**Assigned task**
Exact transcription, pictures omitted: reproduce the listing below.

**Data extract**
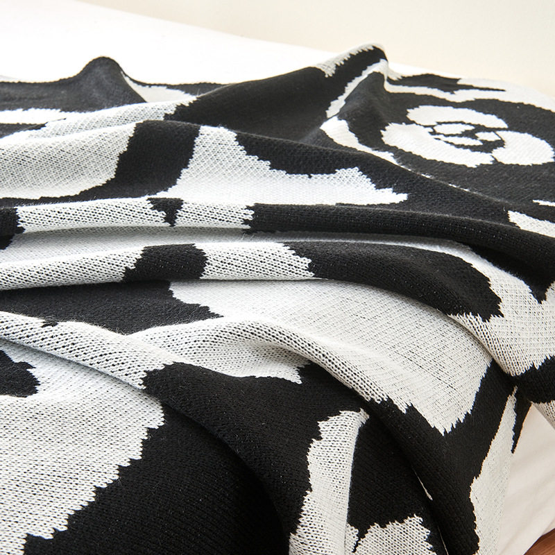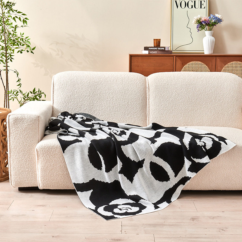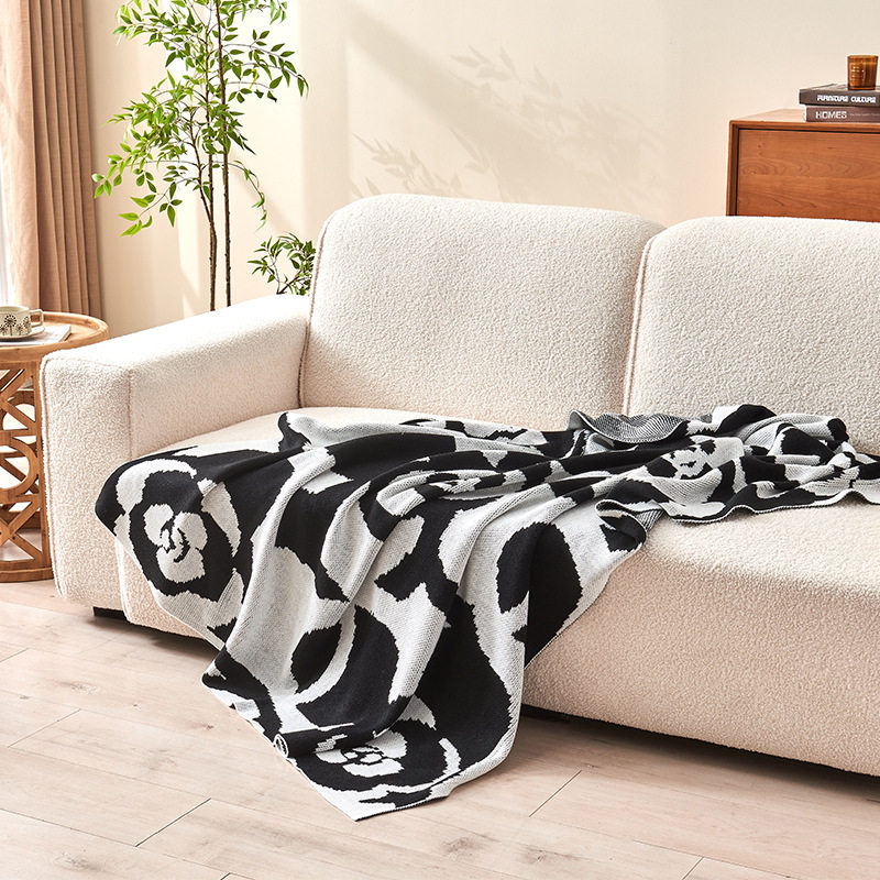 Light Luxury and Simple Camellia Knitted Blanket, Soft and Skin-Friendly Spring and Summer Office Nap Air-Conditioned Blanket Gift Blanket
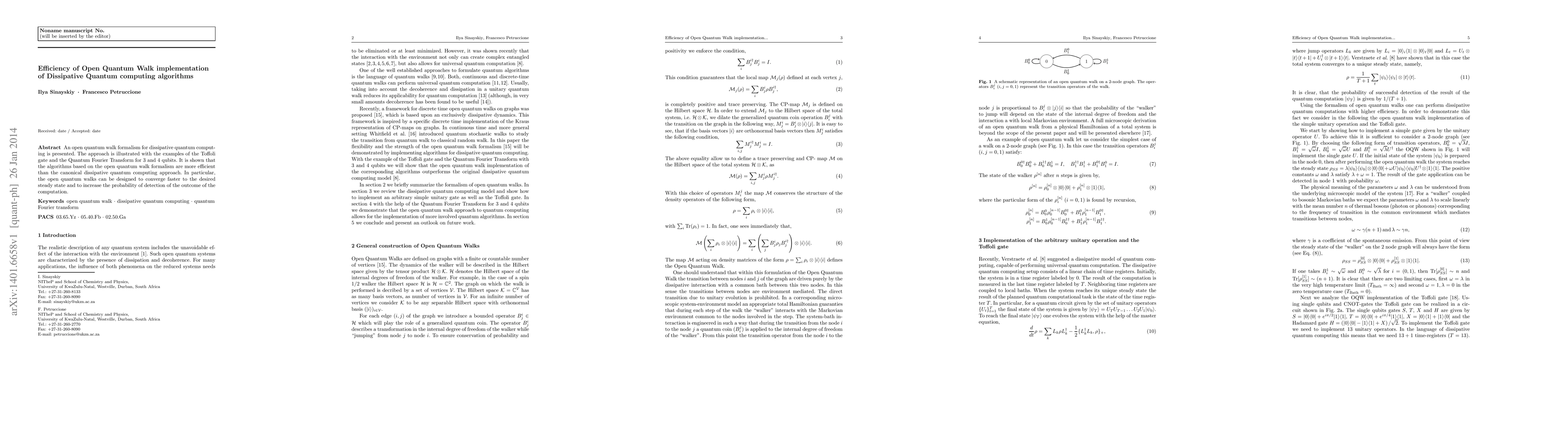 This paper presents an open quantum walk formalism for dissipative quantum computing, demonstrating its efficiency through examples like the Toffoli gate and Quantum Fourier Transform. The proposed approach shows faster convergence and higher outcome detection probability compared to traditional methods.
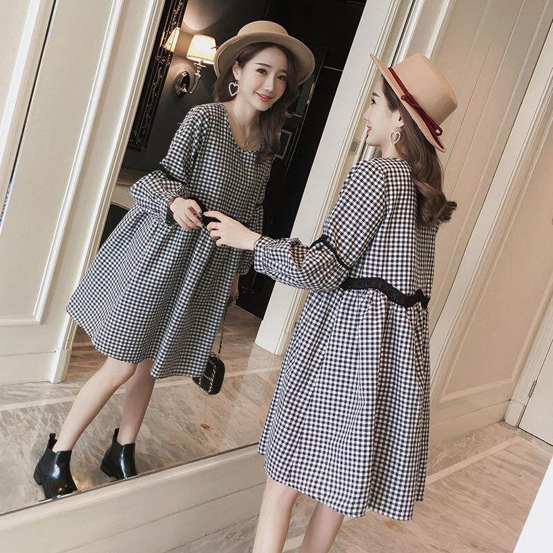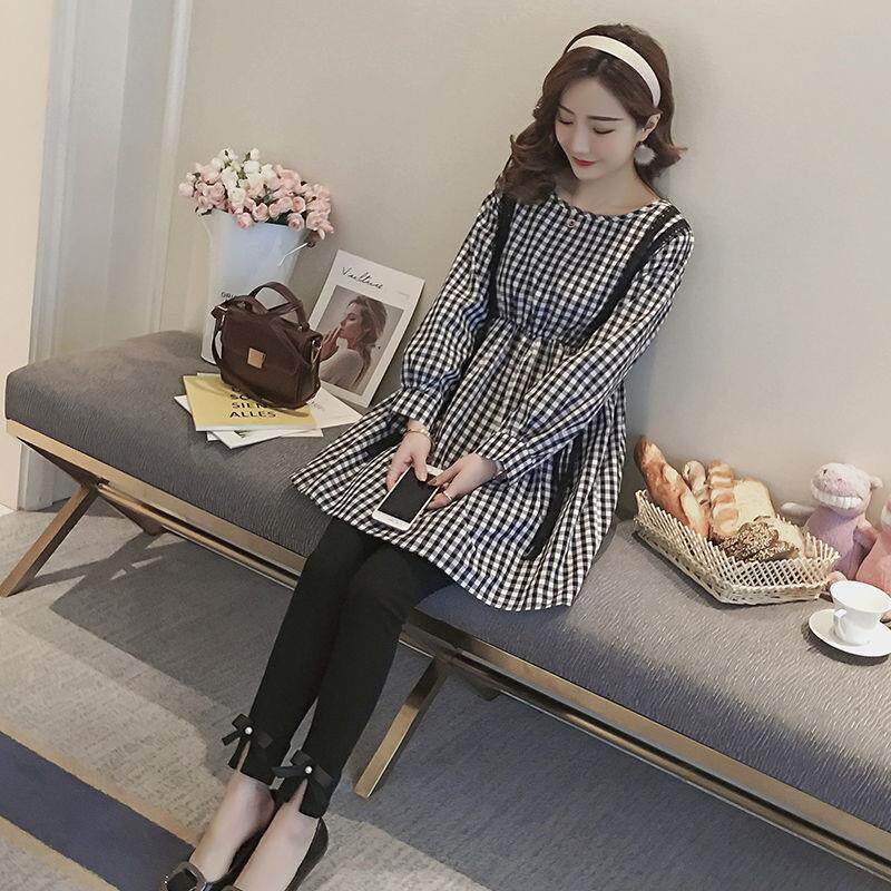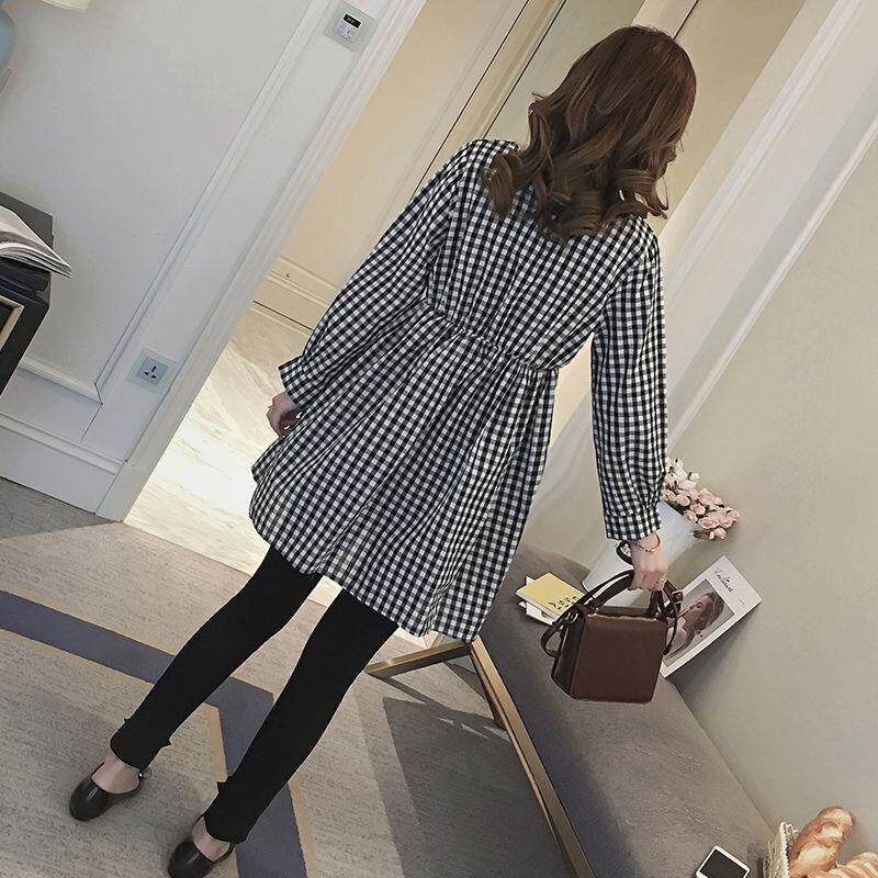 Pregnancy Maternity Dress 2022 Spring New Fashion Middle Long Version Cotton Linen Plaid Shirt Splicing Long-sleeved Pregnant Woman Ocean Wave

**Answer to this problem**
 Light Luxury and Simple Camellia Knitted Blanket, Soft and Skin-Friendly Spring and Summer Office Nap Air-Conditioned Blanket Gift Blanket
 This paper presents an open quantum walk formalism for dissipative quantum computing, demonstrating its efficiency through examples like the Toffoli gate and Quantum Fourier Transform. The proposed approach shows faster convergence and higher outcome detection probability compared to traditional methods.
 Pregnancy Maternity Dress 2022 Spring New Fashion Middle Long Version Cotton Linen Plaid Shirt Splicing Long-sleeved Pregnant Woman Ocean Wave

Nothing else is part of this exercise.